**Dataset excerpts:**
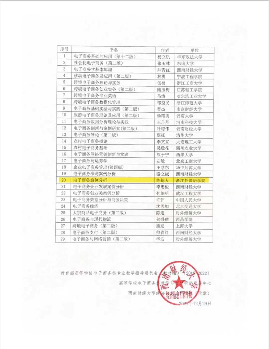 日前,教育部高等学校电子商务类教学指导委员会对第三批规划教材(“十四五”)评审名单进行了公示,由陈德人教授和方美玉教授共同主编的教材:《电子商务案例分析》顺利入选,此教材将由人民邮电出版社规划出版。据悉,这是我校入选的首本“十四五”规划教材。
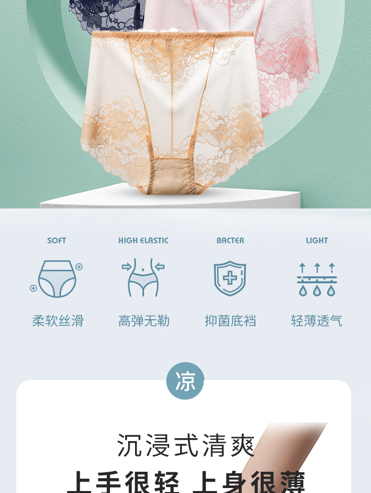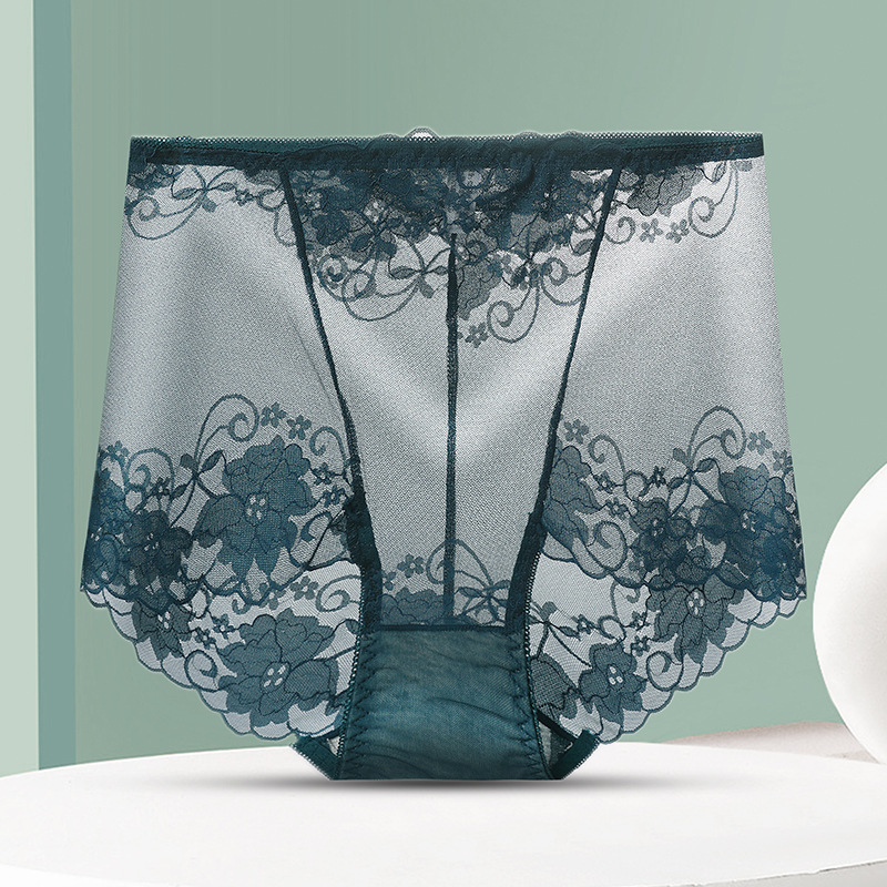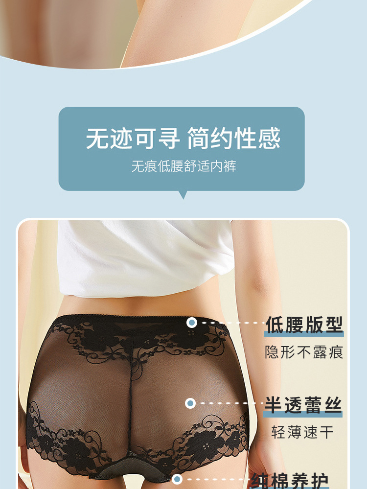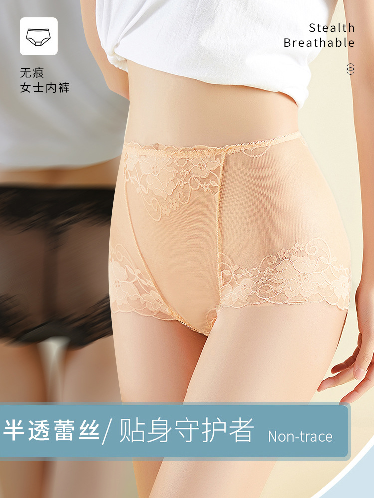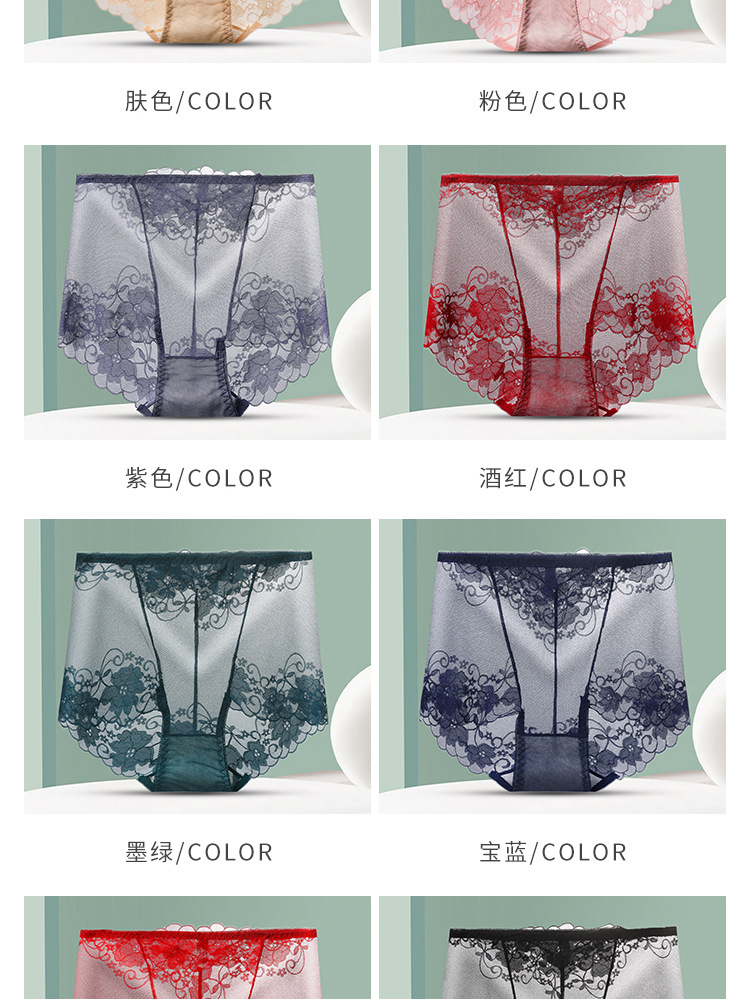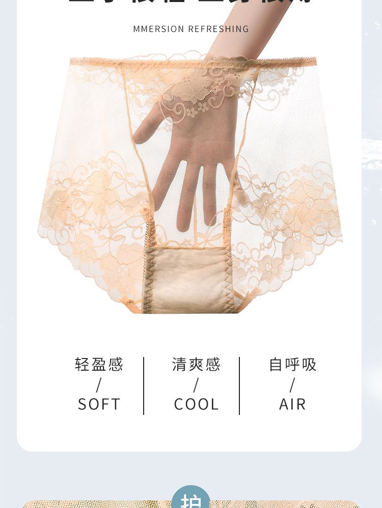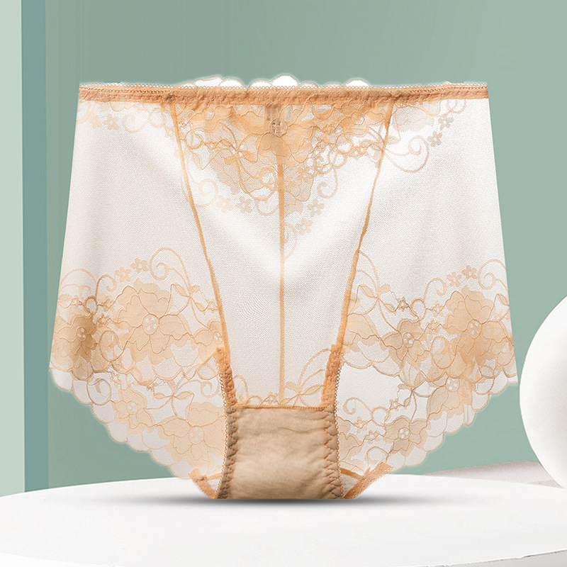 중간 허리 섹시 트레이스 얇은 메쉬 레이스 속옷 여성 투명한 편안한 통통녀 플러스 사이즈 브리프스토어 가기
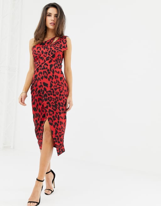Lavish alice one shoulder midi clearance wrap dress in leopard print
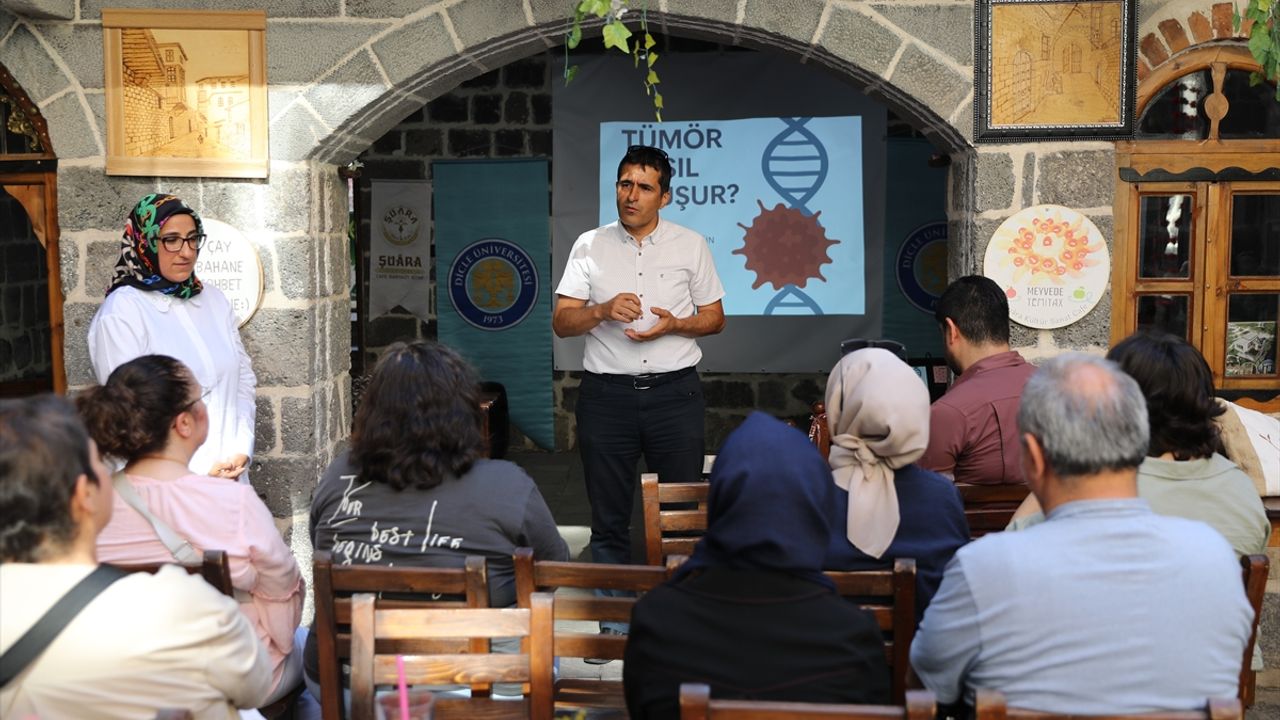 YÖK'ün ülke genelindeki üniversitelerde başlattığı "Bilim Kafe" etkinliği kapsamında merkez Sur ilçesindeki bir kafede DÜ Tıp Fakültesi Tıbbi Biyoloji Anabilim Dalı Öğretim Üyesi Prof. Dr. Sevgi İrtegün Kandemir tarafından tümörün ne olduğu, nasıl oluştuğu, çeşitleri, kanser tarama yöntemleri ve kanserden korunma yolları anlatıldı.
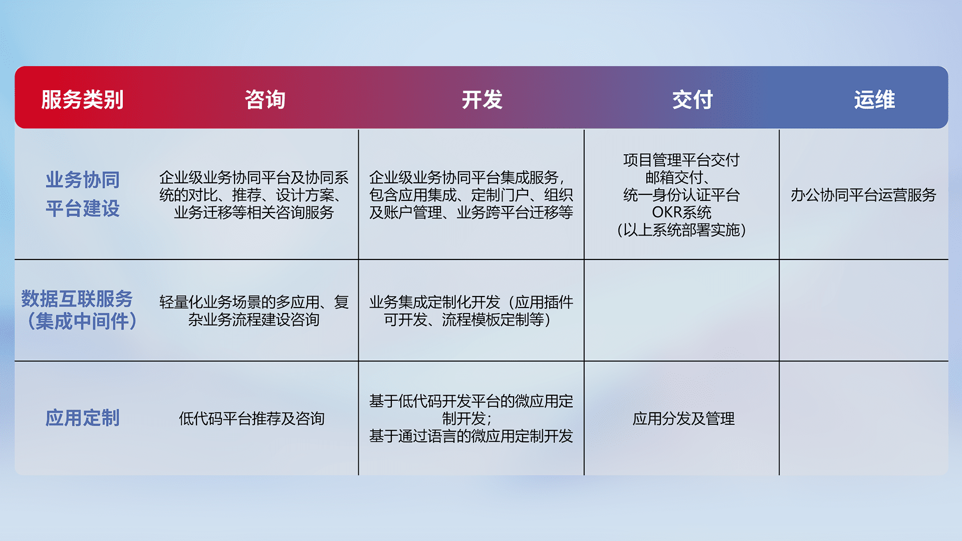 针对钉钉、、、企微、、、IDaas等平台级产品提供产品的规划、、方案、、、交付、、定制化开发等服务,,,实现如统一协同办公、、、、智能客户服务、、混合会议管理、、智能数据查询、、等业务场景,,实现数字化转型。。
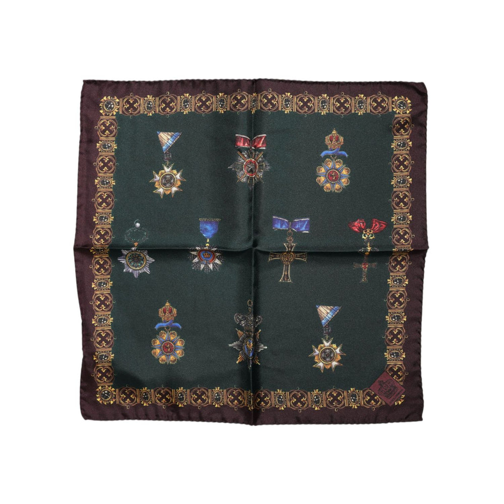 • Dolce & Gabbana Green Medals Silk Square Foulard Scarf
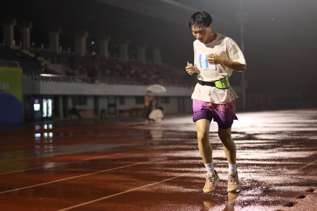 24级新生刘洲也参与了这次万米长跑。作为跑步爱好者,刘洲的长跑经验稍显稚嫩。但他依旧顶着大雨,一步一步跑完了全程。赛后他说出了自己的感受:“这次跑的比南湖跑快,也没有放任自己走路休息。虽然没有取得好成绩,但相比之前的自己进步了许多!我相信这次比赛对我而言的意义绝不比站上领奖台少。”豁达乐观不气馁,他自称自己所有的“阿Q精神”也正是体育精神淋漓尽致的体现。更快更强,超越作为最大敌人的自己,正是人生的必要一课。于狂风暴雨中征服过往的懦弱与颓废,于雨过天晴中破茧为更好的自己。
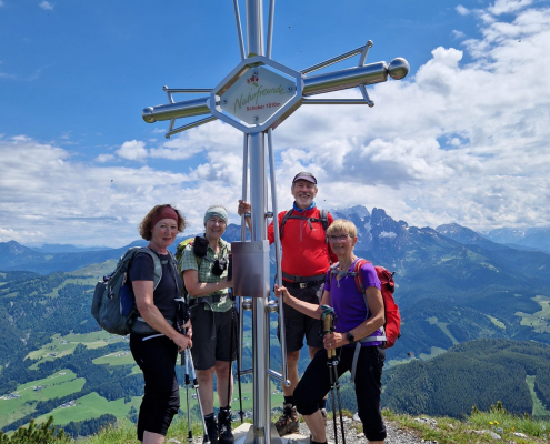 Mit dem Bus, der gerade frisch aus der Werkstatt kam, fuhren wir Richtung Berge und starteten gegen 9.00 Uhr bei bewölktem Himmel unsere Tour. Erst vorm Gipfel des Schobers zeigte sich die Sonne und wir genossen eine fantastische Sicht. Einige von uns besuchten noch das etwas tiefer gelegene Kreuz. Im Abstieg besuchten wir noch das Berliner Kreuz. Weiter abwärts wanderten wir über bunt blühende Almwiesen zur Gseng-Alm. Während wir einkehrten zog ein Regenschauer über uns hinweg. Im weiteren Abstieg wurden wir nochmal kurz nass, aber am Auto angekommen, waren wir wieder trocken. Eine schöne und durchaus anspruchsvolle Wanderung bleibt uns in Erinnerung.
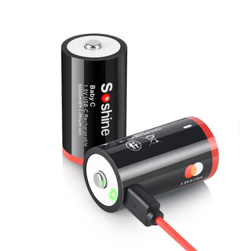 Soshine Аккумуляторные батарейки тип С 1.5V, 5000 mWh, 2 шт с зарядкой от USB кабеля.

**Task to complete:** Excerpt from the records above: set down only the lines from the one that contains "YÖK'ün ülke genelindeki" through the one that contains "针对钉钉、、、企微、、、ID", inclusive, word for word. Pictures stay out.

**Finished exercise:**
 YÖK'ün ülke genelindeki üniversitelerde başlattığı "Bilim Kafe" etkinliği kapsamında merkez Sur ilçesindeki bir kafede DÜ Tıp Fakültesi Tıbbi Biyoloji Anabilim Dalı Öğretim Üyesi Prof. Dr. Sevgi İrtegün Kandemir tarafından tümörün ne olduğu, nasıl oluştuğu, çeşitleri, kanser tarama yöntemleri ve kanserden korunma yolları anlatıldı.
 针对钉钉、、、企微、、、IDaas等平台级产品提供产品的规划、、方案、、、交付、、定制化开发等服务,,,实现如统一协同办公、、、、智能客户服务、、混合会议管理、、智能数据查询、、等业务场景,,实现数字化转型。。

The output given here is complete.